Well, Colossus breaks out of the lab and checks out his grave site which happens to be out in the backyard at about the same time as little Billy is out there. Billy and Colossus hang out and eventually Colossus’ wife and his brother see him, with the wife fainting and the brother running away all the way to New York! A frantic phone call to dad follows and Colossus uses his mind control powers to have his dad set Henry up so that Colossus can go put a colossal hurt on him.
Mind control powers? Well, yeah, you didn’t just think that this robot was just really smart and whiny did you? I wasn’t real sure how he got those powers, but there was a time when his dad was shining a flashlight off and on in his face and made a comment about “power hypnosis” but I was thinking he was using it on Colossus, not teaching it to him! It doesn’t really matter because the power I was most puzzled by was Colossus’s ESP.

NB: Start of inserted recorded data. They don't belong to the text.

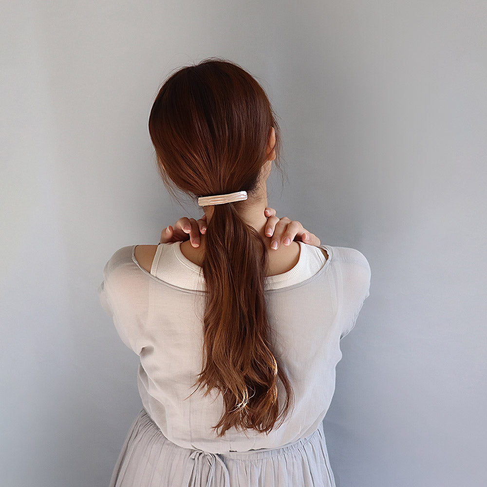 片側が開いているしなやかなパーツを使うことにより、毛量を気にせずつけることができます。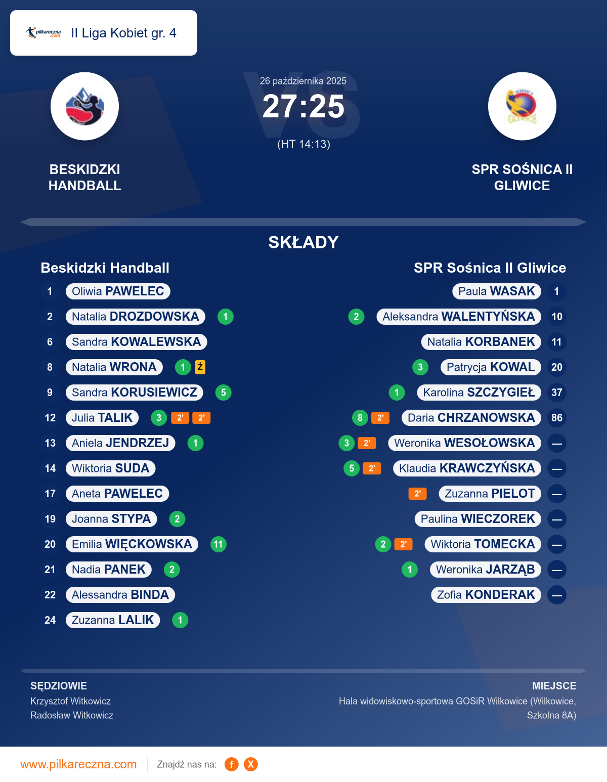 Beskidzki Handball 27–25 SPR Sośnica II Gliwice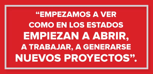Empezamos a ver como en los estados empiezan a abrir, a trabajar, a generarse nuevos proyectos. Por otro lado, observamos también que las tasas de interés están probablemente en los niveles más bajos que han tenido en muchísimo tiempo en nuestro país. Las condiciones se empiezan a ver claras para que exista confianza de inversión, de nosotros como banco de poder apoyar el desarrollo de nuestro país.
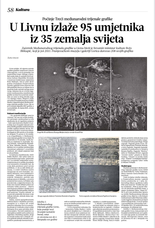 波黑利夫诺国际版画展,每三年举办一次。来自中国、加拿大、波兰、意大利、俄罗斯、英国、法国、奥地利、巴西、芬兰、荷兰、挪威、希腊、克罗地亚、保加利亚、智利、斯洛伐克、捷克、墨西哥、葡萄牙、土耳其、澳大利亚、日本等34个国家的900余件版画作品齐聚利夫诺。展览为期三个半月,自2023年6月19日至10月1日。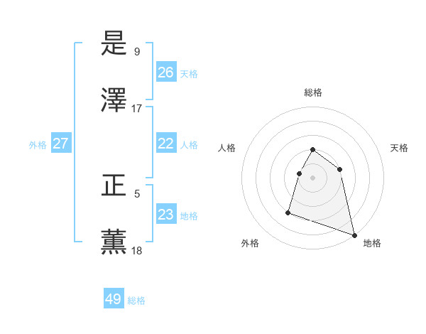 是澤 正薫さんの地格は23画の5点!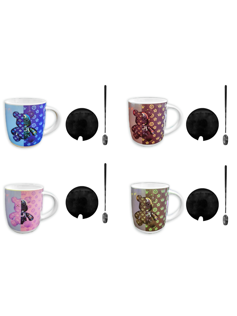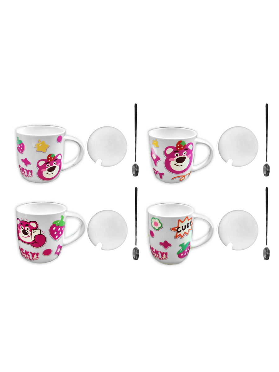 Кружка керамическая " KWELT " 350мл, Bear, крышка и ложка в комплекте, ассорти (без возможности выбора дизайна), картонная упаковка

ESP powers? Sure. It would just be stupid for a big robot to run amok without them, wouldn’t you say? No one is quite sure how Colossus acquired these powers - they just sort of appeared one day when he predicted a big shipwreck thousands of miles away. Somehow they claim that his ESP powers let him know exactly where Henry was in New York, but that was sort of pointless since he just used his mind control powers to force William to set Henry up for the kill! Of course, these two powers pale in comparison with the laser beams Colossus shoots out of his eyes!

Eye-mounted laser beams powers? Best power ever! This one just appears when he needs to kill people, and is never explained either, but you can let that slide because it leads to the grand finale when Colossus goes over the edge (declaring that he is no longer going to be working to save “human trash”) and stomps over to the United Nations, crashes through a big glass window and starts strafing everyone with his laser beams! That sucker must’ve killed twenty people before he told Billy to shut him down, because he couldn’t help himself. Best scene in the movie! (Other than Ross Martin getting creamed by that truck.)

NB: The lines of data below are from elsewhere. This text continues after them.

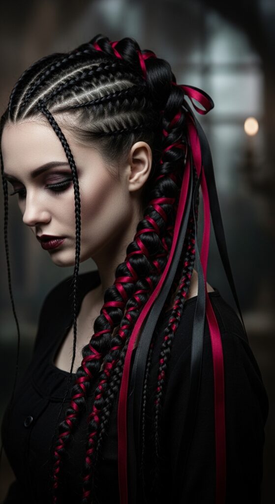 For romantic goth hairstyles or that vampire haircut edge, braids are perfect. Add ribbons, charms, or leather cords to your braids. Feed-in styles with face-framing pieces can be twisted into dramatic, soft tendrils.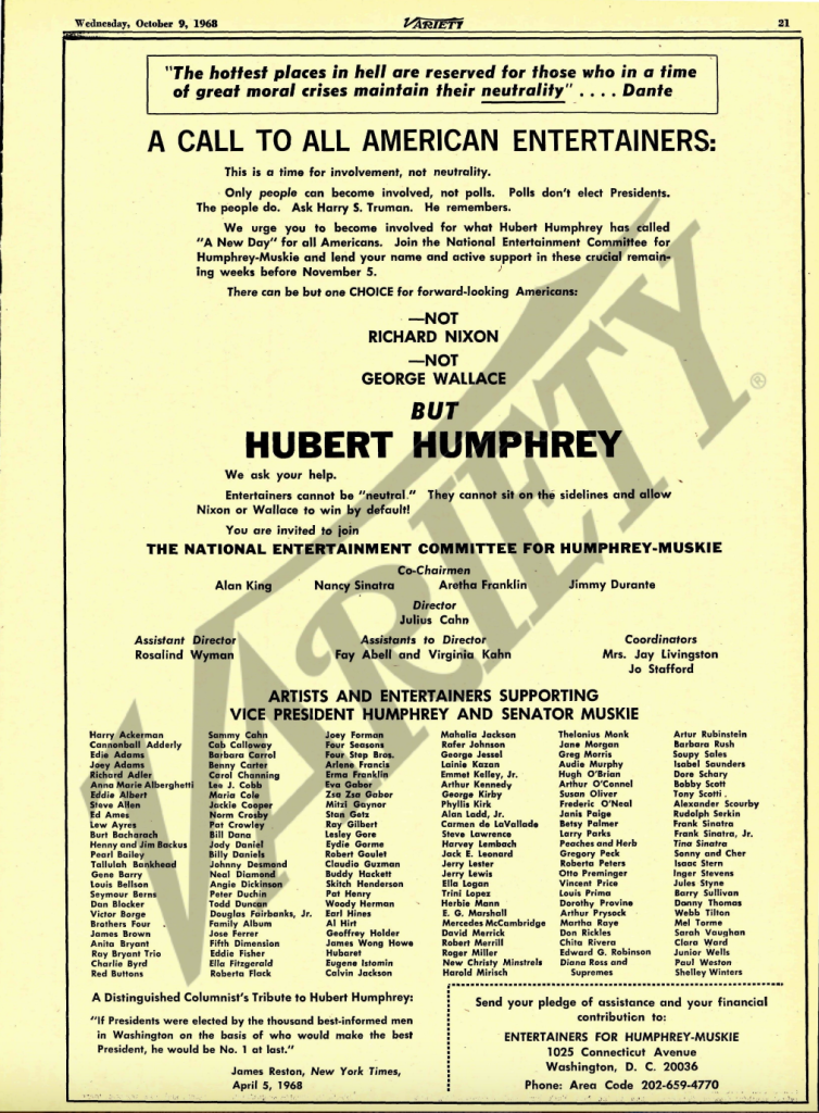 As his star skyrocketed, Bacharach did not ignore national politics. He was among the signatories to an ad declaring showbiz’s support for Hubert Humphrey’s 1968 presidential bid. The National Entertainment Committee for Humphrey-Muskie – co-chaired by no less than Alan King, Nancy Sinatra, Aretha Franklin and Jimmy Durante – declared their support for the Senator from Minnesota (and his running mate Edmund Muskie) in a full-page ad in the Oct. 9, 1968, edition of weekly.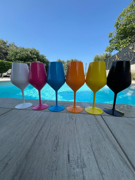 Sklenice na víno Wine VIP 46cl / Máme 13 barev : červená, žlutá, modrá, zelená, bílá, černá, čirá, růžová, oranžová, světle fialová, tmavá modrá, starorůžová. NOVÉ BARVY SVĚTLE FIALOVÁ, TMAVÁ MODRÁ A STARORŮŽOVÁ BABY A STARORŮŽOVÁ PUDROVÁ / následovat bude, tyrkysová, kouřová, zlatá, /

Not a very good retelling of the Frankenstein story, what with Colossus developing powers whenever he needs them and the fact that Colossus also goes on a rampage for no real reason. The movie had no style and what with the film speeded up once in awhile to get the monster moving and the horrible piano-based score, I felt like I was watching a silent movie every now and again (except for Ross Martin screaming as that truck left tire marks on his butt). The sound effects are also distracting as there is this crackly, electrical sound coming from Colossus all the time. Memo to Henry: First order of business on the upgrade is a muffler!
The movie also suffered from a feeling of the story and the characters being completely underdeveloped. The father seemed pretty much nonplussed by everything that went on. The widow didn’t have much of a role (what sort of monster doesn’t end up taking the woman hostage?) and nobody cared at all when Henry was killed. There was also the scientist that argued with the father after the funeral. What was the point of his character? He appeared in about three scenes even though he seemed to be more of friend to the widow than Henry did. And one of his scenes was at the very end of the movie when after Colossus is lying in a heap amongst the corpse of all the people he just zapped, the father lamely tells this scientist “yep, looks like you were right all along. People do need souls after all.” Well, at least someone learned something from all this. You don’t need any of Colossus’s secret powers to tell you that this film could have benefited from its own brain transplant.